• Exercise instructions:
Down to the last line, set down the listing below exactly, apart from its pictures.

• Recorded information:
+++

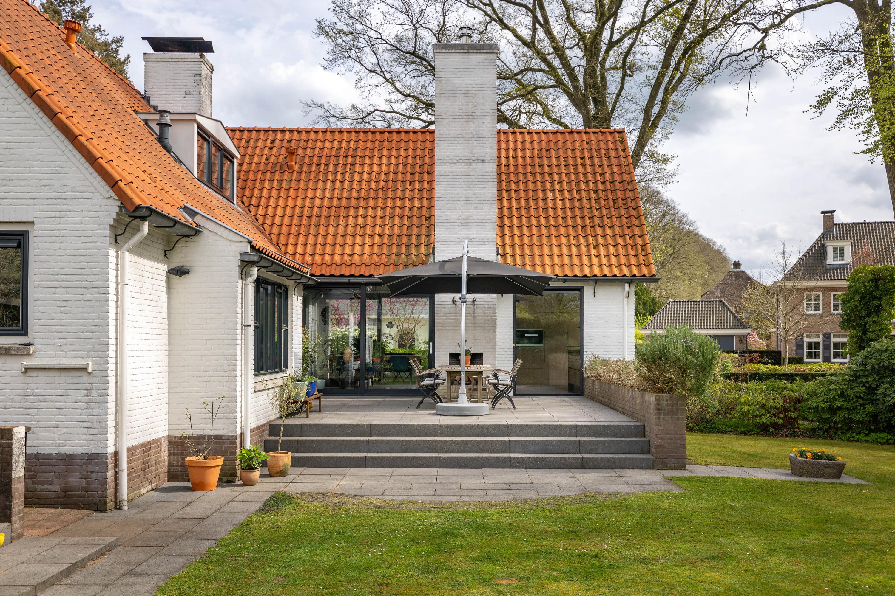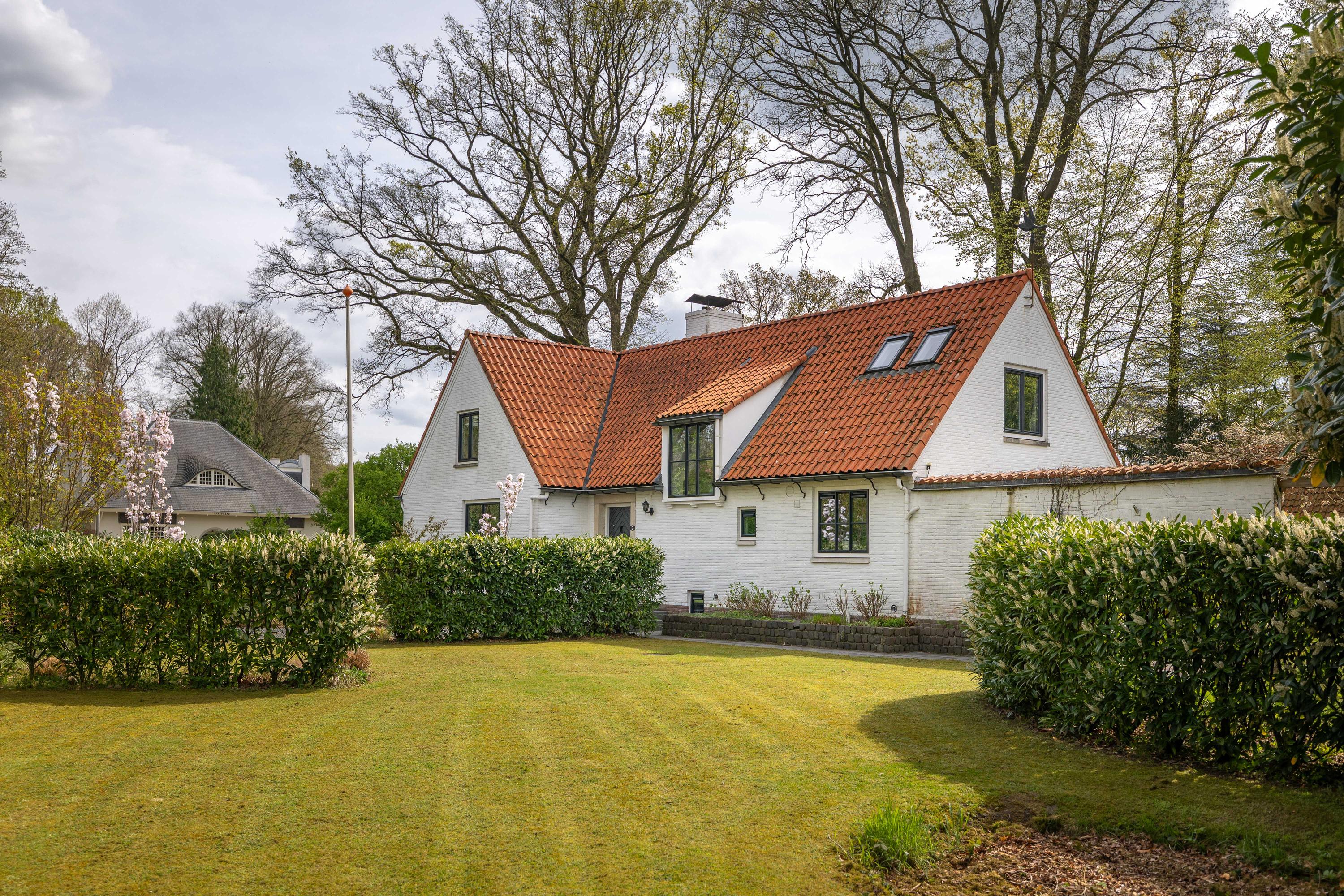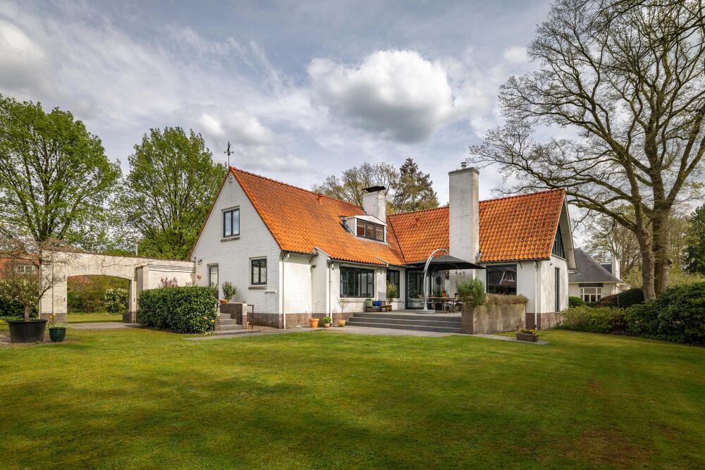 At the rear of the house lies a wonderful garden with expansive lawns, large laurel hedges, beautifully landscaped borders and attractive terraces. One terrace behind the kitchen features a charming outdoor fireplace, providing a delightful setting for long summer evenings with family and friends. There is also a cosy veranda with a large terrace and ample space for a lounge set.
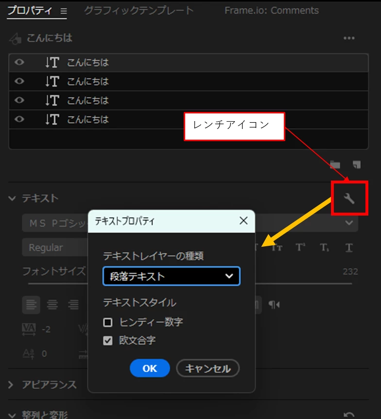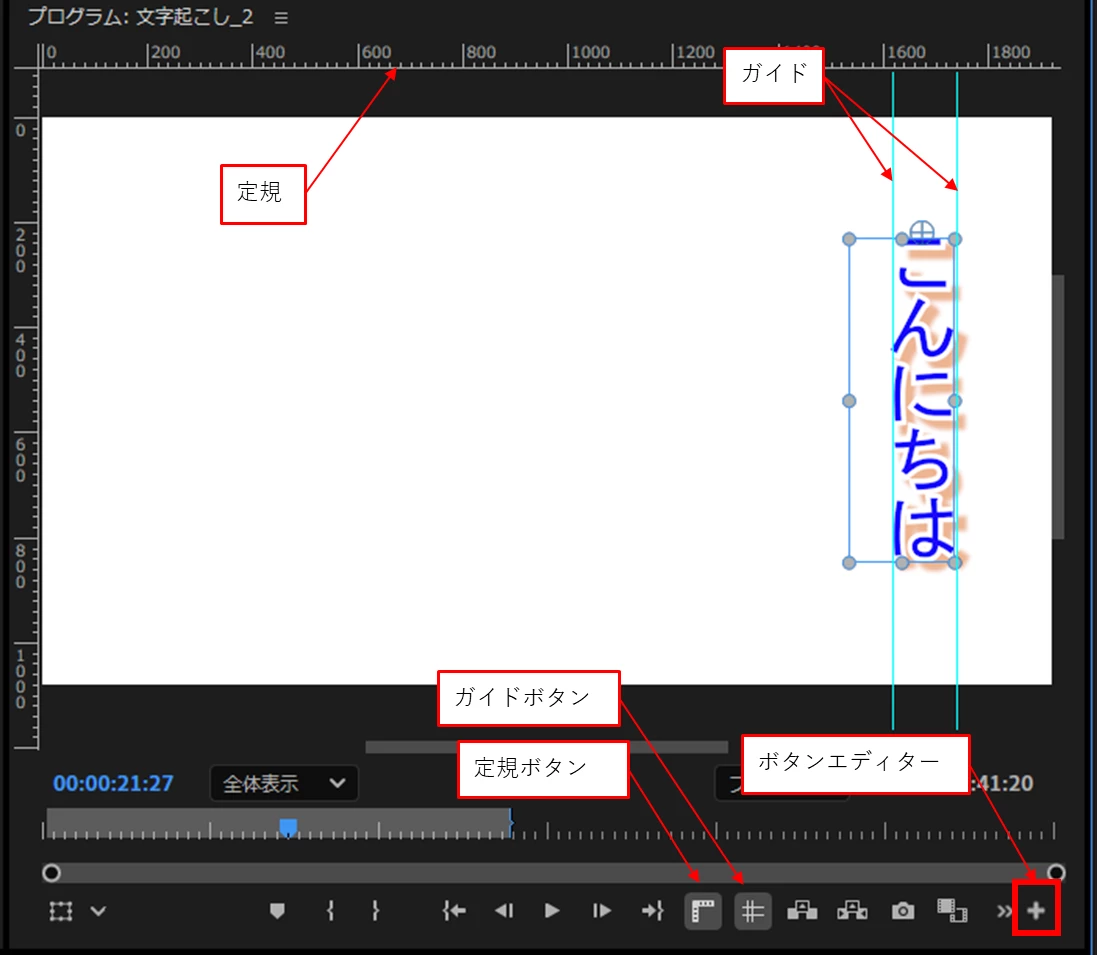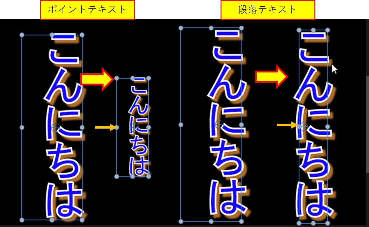 また、ポイントテキスト、段落テキストとも、Ctrlを押してドラックする方法、レンチアイコンから「プロクラムモニターをスナップイン」を選択する方法とも、アンカーポイントは中心に吸い付くようになりました。
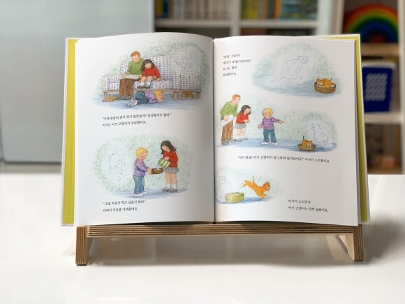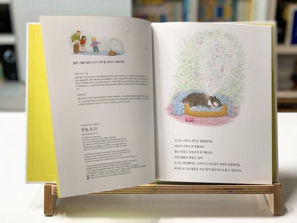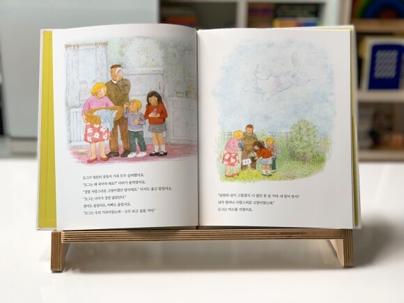 요즘 저희 첫째는 사람이 죽으면 어떻게 되는 거냐고, 엄마랑 아빠가 죽으면 어떡하냐며 특히 죽음에 관심이 많아요. 그런 아이와 함께 읽으면서 엄마랑 아빠가 떠나더라도 너희를 사랑하는 마음은 변하지 않을 거라고, 이렇게 모그처럼 항상 너희를 지켜봐줄 거라고 따뜻하게 이야기해주었습니다.

+++

• Solution for this problem:
 At the rear of the house lies a wonderful garden with expansive lawns, large laurel hedges, beautifully landscaped borders and attractive terraces. One terrace behind the kitchen features a charming outdoor fireplace, providing a delightful setting for long summer evenings with family and friends. There is also a cosy veranda with a large terrace and ample space for a lounge set.
 また、ポイントテキスト、段落テキストとも、Ctrlを押してドラックする方法、レンチアイコンから「プロクラムモニターをスナップイン」を選択する方法とも、アンカーポイントは中心に吸い付くようになりました。
 요즘 저희 첫째는 사람이 죽으면 어떻게 되는 거냐고, 엄마랑 아빠가 죽으면 어떡하냐며 특히 죽음에 관심이 많아요. 그런 아이와 함께 읽으면서 엄마랑 아빠가 떠나더라도 너희를 사랑하는 마음은 변하지 않을 거라고, 이렇게 모그처럼 항상 너희를 지켜봐줄 거라고 따뜻하게 이야기해주었습니다.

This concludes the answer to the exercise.